Unser Bedürfnis und unser Interesse beeinflusst unser Denken und damit unser Fühlen, welches dann zu bestimmten Wahrnehmungen führt. Unsere Wahrnehmung bestimmen, wie wir die Realität sehen. Damit verbunden verhalten wir uns auch gemäß unserer subjektiven Realität.
In Anlehnung an das 4-Ohren Modell von Schulz von Thun erkennen wir durch die Wortwahl und Formulierungen die unbewusste Selbstoffenbarung. Genauso können wir die eigene bewusste Selbstdarstellung oder Selbstinszenierung erkennen. Genau das bewirkt den 3 Sekunden Effekt, der uns Hinweise gibt welche Interessen hinter der Verhaltensweise verborgen sind. Meistens schätzen wir auf dieser Basis – oft unbewusst – die andere Person ein. Eine eventuelle Fehleinschätzung ist kein Problem, solange wir unsere Annahmen mit einer guten Fragetechnik in Verhandlungen hinterfragen.
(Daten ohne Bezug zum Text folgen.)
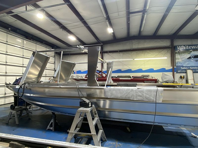 Whitewater Marine’s Fabrication is second to none when it comes to aluminum fabrication. With over thirty years of experience, our shop crew can build new life into your old boat and bring back that shine or fix that bottom grinding mistake. Custom modifications, additions and repairs are done to your new or old boat with special attention to detail. Our fine reputation has been built on the ability to fabricate or repair the boat of your dreams.
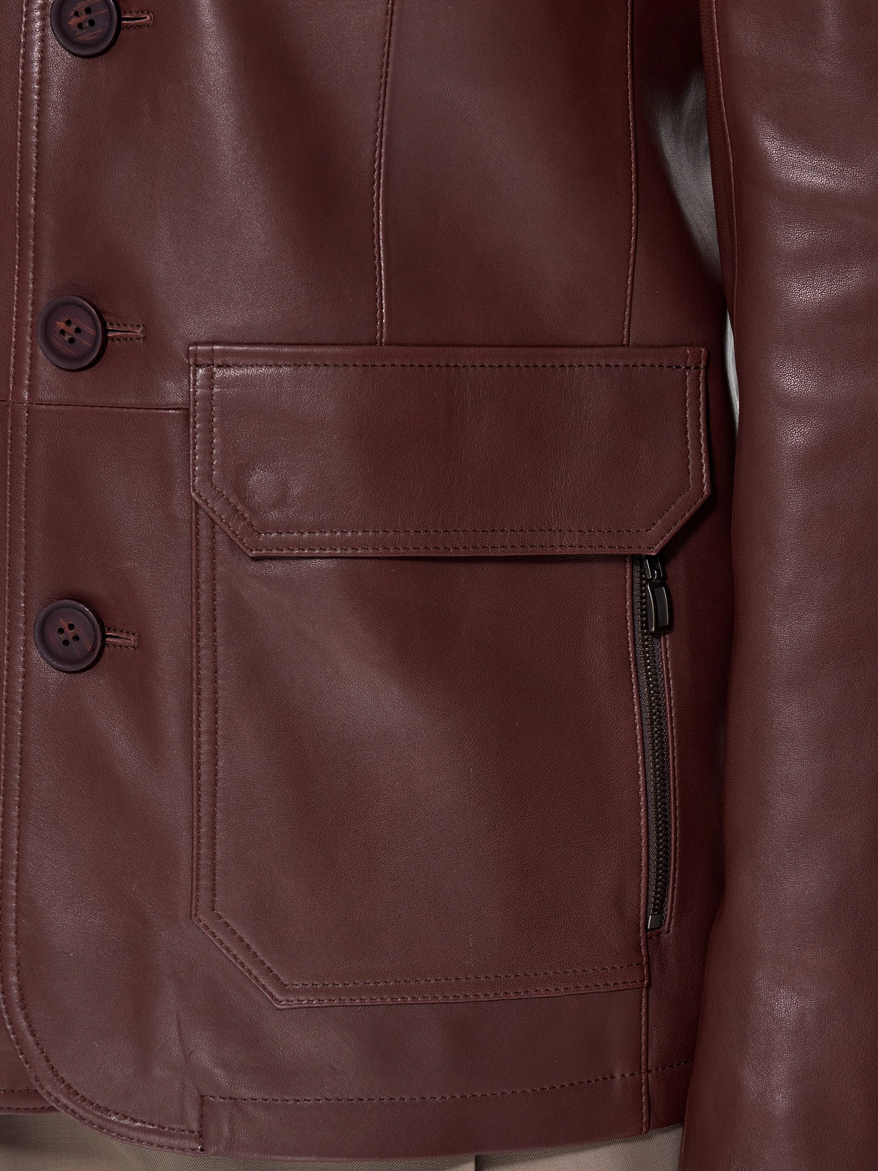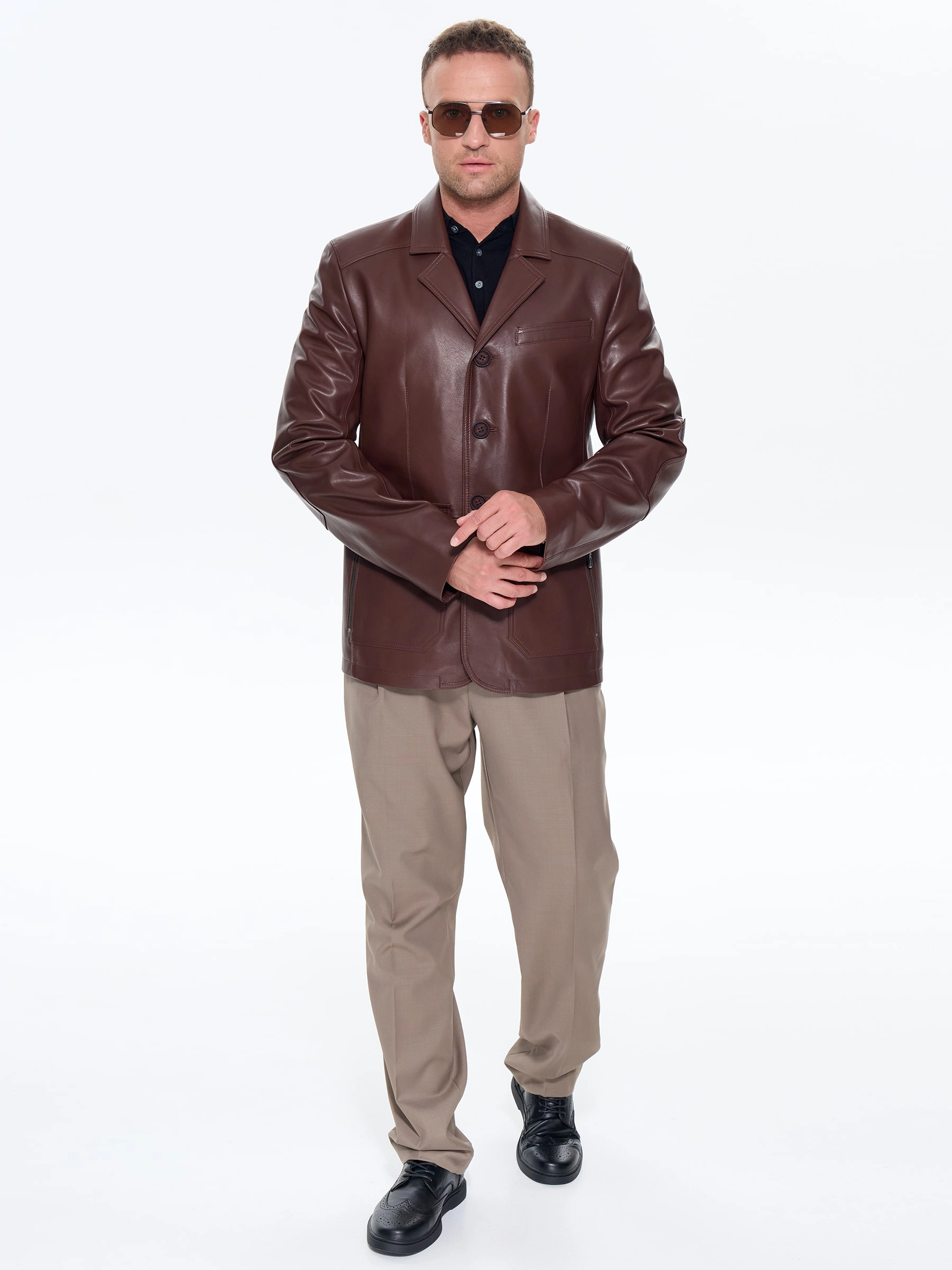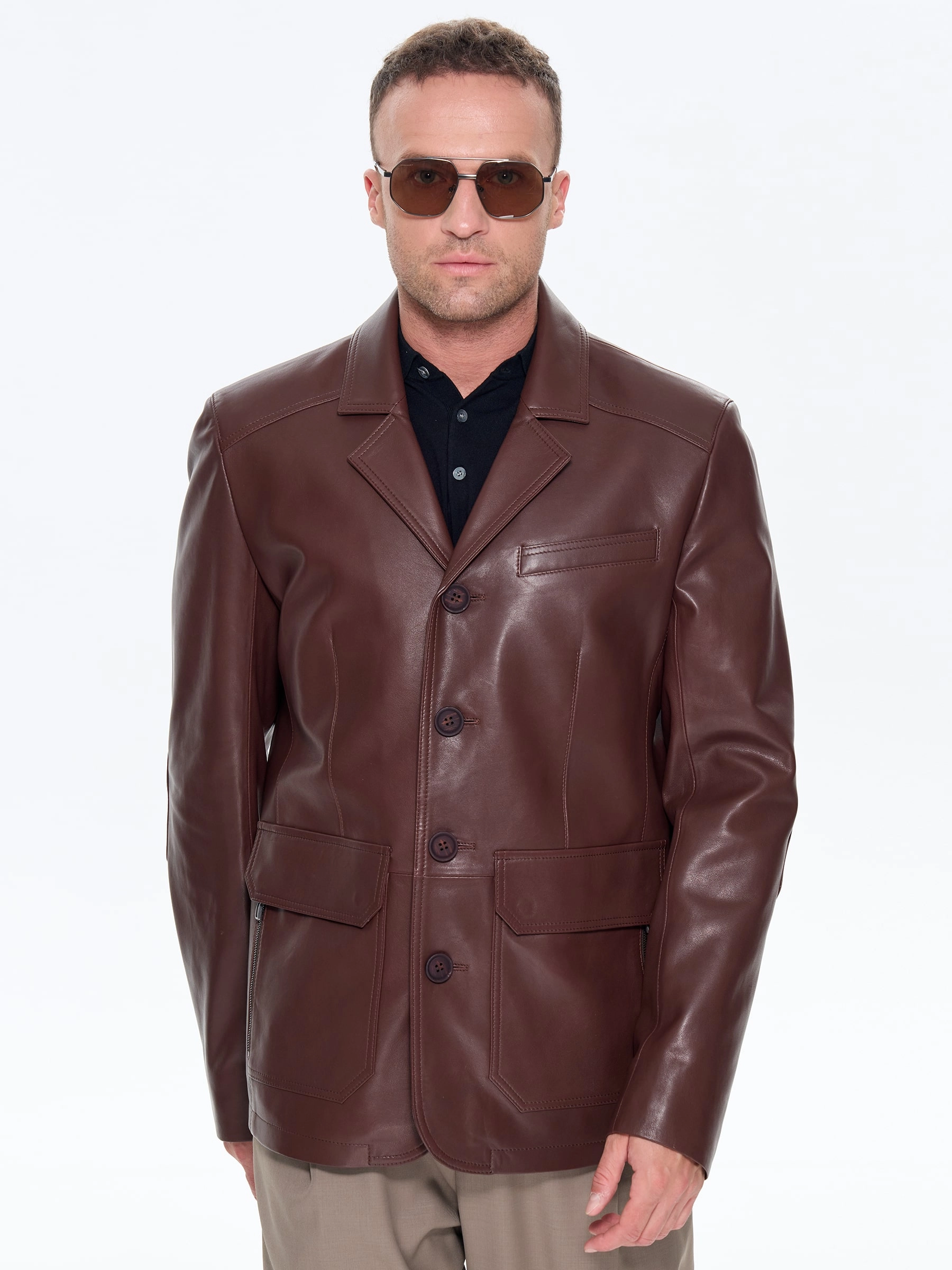 Коричневый кожаный пиджак на пике популярности. Он прекрасно сочетается не только с брюками, но и с любыми джинсами. Профессиональный крой, идеальная посадка по фигуре. Приталенный силуэт. Застежка пуговицы. Элегантности к модели добавляют крупные накладные карманы со стеганным рисунком.

Persönlichkeitsbasierte Interessenstruktur nach Dr. Wolfgang Hinz – auf Verhandlungstypen
Die 9 Grundtypen als Verhandlungspartner

- Der Perfektionist
- Der Helfer
- Der Erfolgsmensch
- Der Individualist
- Der Denker
- Der Traditionalist
- Der Lebenskünstler
- Der Machtmensch
- Der Schiedsrichter
- Fallbeispiel aus der Verhandlungspraxis
Die 9 Grundtypen der Verhandlungstypen
Der Perfektionist als Verhandlungstyp
Verhandlungstypen, die Perfektionisten sind, lieben die Ordnung und möchten Recht haben. Der Perfektionist kritisiert den Verhandlungspartner häufig und steht selbst über aller Kritik – fast unantastbar. Er möchte die Welt verbessern und sucht nach Gerechtigkeit. Personen, die nicht nach seiner Perfektion leben, werden verurteilt. Kritik, Unordnung, Fehler oder Regelverstöße mag der Perfektionist nicht.
Grundbedürfnis: hat die Wahrnehmung besser als andere Menschen zu sein und möchte Recht haben.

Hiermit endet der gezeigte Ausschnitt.